Did The Irish Famine Teach Us Nothing? Poem by John F. McCullagh

Did The Irish Famine Teach Us Nothing?



Would the Famine have happened if the Irish were armed?
Not with staves and pitchforks but with rifles and bombs.
Would all of their grain and their British bound beef
Been kept there in Ireland to give them relief?

We were serfs of a sort, slaves in our own land.
Against British oppression we had no chance to stand.
When our substance crop failed the rapacious landlord
Seized our pitiful homesteads and made them sheepfolds.

With the green grass of Ireland their final repast
Irish died by the thousands and their deaths weren't fast.
Hunger, like Cancer, gnaws a man to the bone
They lie now in mass graves without even a stone.

The poor Irish Catholic was a man with no rights.
No wood for his coffin; No oil for his lights.
What "relief" was provided was cause for despair
as the hungry and the dying built roads to nowhere.

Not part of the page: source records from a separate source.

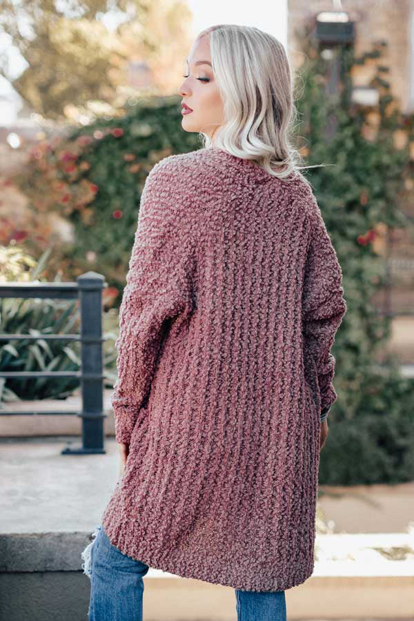Whether you're trying to beat the cold "first frost" or just hanging around the house, you'll want to be wearing this rustic rose colored cardigan featuring a warm loose knit material with ribbed texturing, semi loose long sleeves, accent side pockets, and an open front silhouette that falls into a straight mid-thigh length hemline! You can style this versatile piece with just about anything from a basic tank to a sweater, jeans to skirts or dresses, booties to wedges or sandals, clutches to totes, and hats to earrings!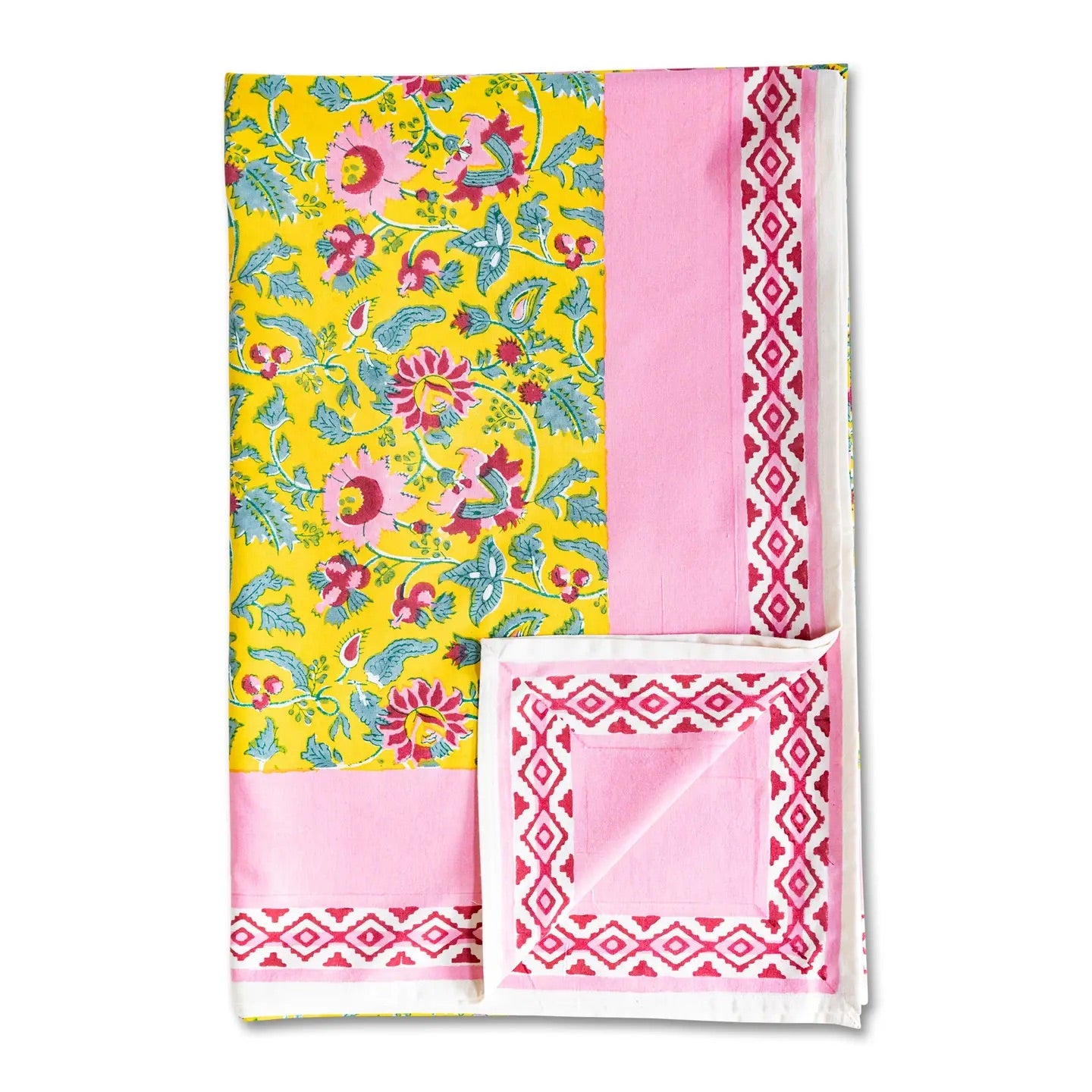 Make your meals extra festive with our exclusive blockprint rectangle tablecloth. Handmade in India, the charming color combo and the striped scalloped trim make a bold statement. By opting for sustainable table linens over disposable, we can help cut down on waste and support an age-old craft by artisans in Jaipur.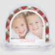 Elégant globe de neige Christas cadeau pour la meilleure maman jamais présenté "Love You Mom" et des photos de son enfant ou de ses enfants dans des cadres en arc sur un joyeux arrière - plan plaid de saison rouge, vert et blanc. Ajoutez l'année et leurs noms en lettres simples rouges.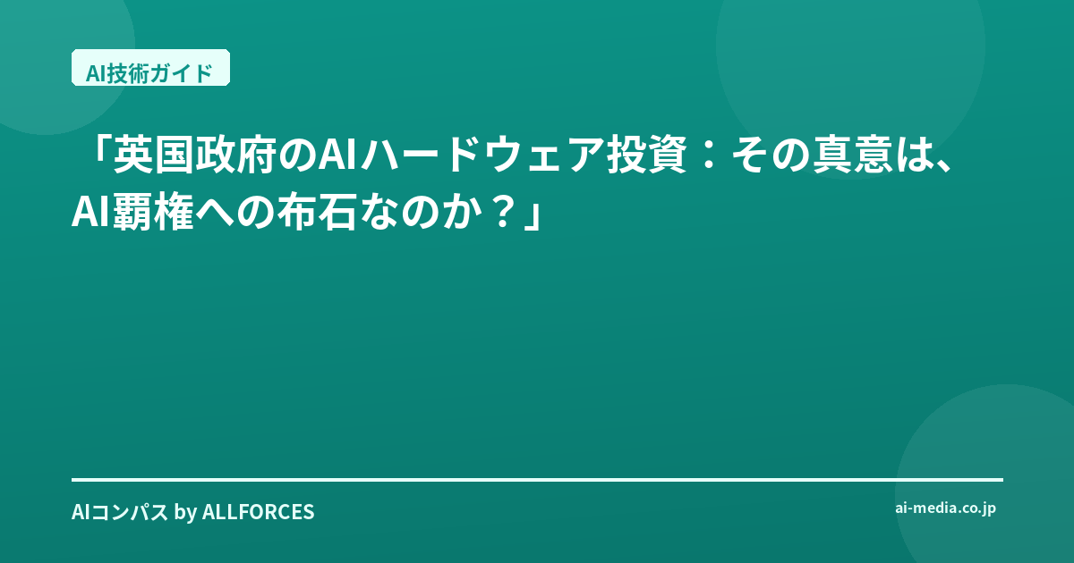 「英国政府のAIハードウェア投資:その真意は、AI覇権への布石なのか?」

The coffin ships sailed and the old women weep.
Some took the soup and renounce their belief.
Such a strange Famine; it boggles the mind
That food was exported- it was sure genocide.

Then we had no rights they were bound to respect.
Their might gave them right to extort and collect.
We were then subject to their whim and decree
Till we learned to fight back and we made ourselves free.

Tuesday, October 3, 2017
Topic(s) of this poem: history,ireland
POET'S NOTES ABOUT THE POEM
Note:
Victorian Britain took the occasion of the Irish potato famine to crush a subject people. Poor Irish tenant farmers were forced off the land and their hovels were destroyed while their absentee British landlords continued to export food from the island to the Empire.